The good news for consumers, and for competition, is that the FTC is moving on, too. Even if this lawsuit fails in the end, by filing it the agency has signaled that it will intensely scrutinize any future efforts by Meta to acquire other social networking products. And as new social networks rise up in the future, the lessons learned from Instagram and WhatsApp will almost certainly inspire much more rigorous reviews of future acquisitions in the space. (It’s already happening: in November the United Kingdom blocked Meta from buying a GIF search engine.)
Even better, from my perspective, is that the FTC has begun to train its attention where it actually belongs: on Meta’s efforts to snap up all the biggest studios and talent in virtual reality and augmented reality. When I wrote about that subject last June, Meta had already acquired Big Box VR, Unit 2 Games, Beat Games, Sanzaru Games, and Ready at Dawn. Then, in October, it made one of its biggest purchases in the space to date: the Los Angeles VR company Within, makers of the breakout hit subscription fitness app Supernatural, for a reported $400 million.
Meta owns the Oculus App Store, and has perfect knowledge about which games are selling well and converting Quest owners into daily users. In that sense, it’s the company’s sequel to Onavo, the Facebook app that once provided vital early warnings about upstart competitors. In 2022, what Meta wants to buy in VR is far more important to the future than what Facebook bought a decade ago.

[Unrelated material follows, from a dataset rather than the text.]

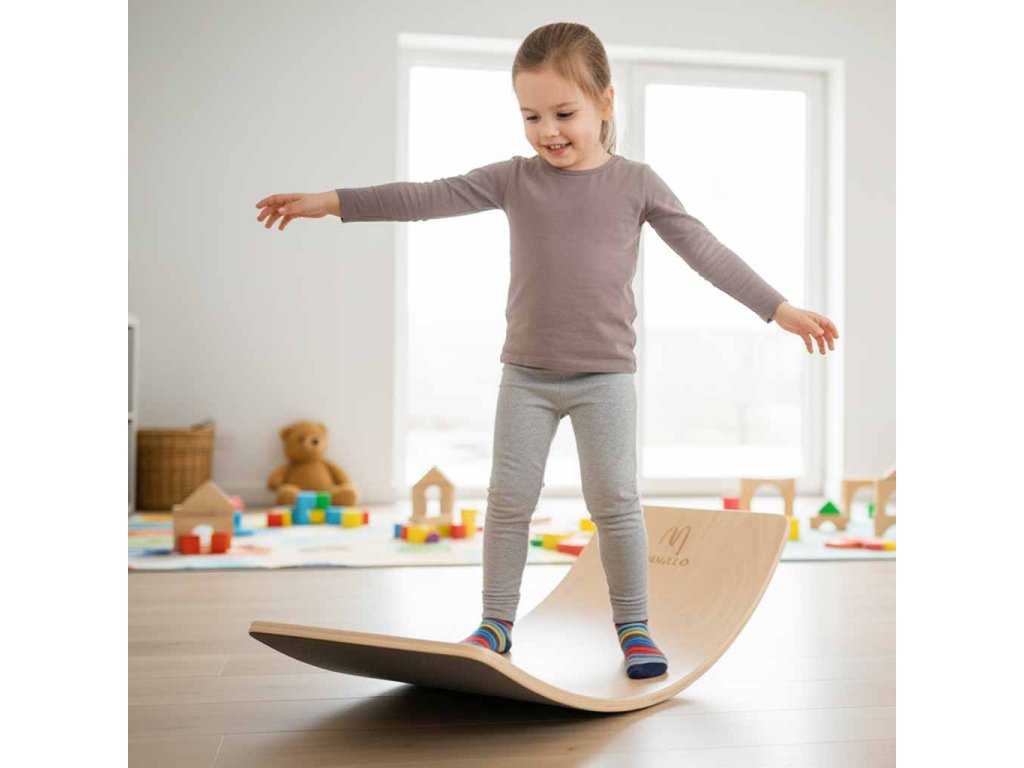 Podle zásad, které vypracovala Maria Montessori, platí, že čím jednodušší je hračka, tím lépe ovlivňuje vývoj dítěte! Není pochyb o tom, že balanční deska se k tomu dokonale hodí!

That’s why I was heartened to see The Information report last month that the FTC has opened a formal inquiry into Meta’s acquisition of Within:
Meta’s first five VR app acquisitions went through without a hitch because they were too small to trigger a cursory review by U.S. antitrust regulators. But those regulators are slowing down the $400 million-plus Supernatural deal, according to two people with knowledge of the situation. Shortly after Thanksgiving, the Federal Trade Commission opened an in-depth probe of the acquisition, meaning Meta may not be able to finalize the acquisition for another year, assuming the agency doesn’t formally challenge the deal in court, causing additional delays.
This is where the FTC’s attention actually belongs: not on the distant past, but on the still-up-for-grabs present, in which Meta pumps its profits into selling the Quest 2 below cost — to great success this holiday season — and in acquiring all the most-used software in the space.
What happens to Instagram and WhatsApp still matters a lot. But what happens on next-generation platforms may matter much more. The bad news is that the FTC’s current lawsuit came too late to make a difference. The good news is that it seems determined not to make the same mistake twice.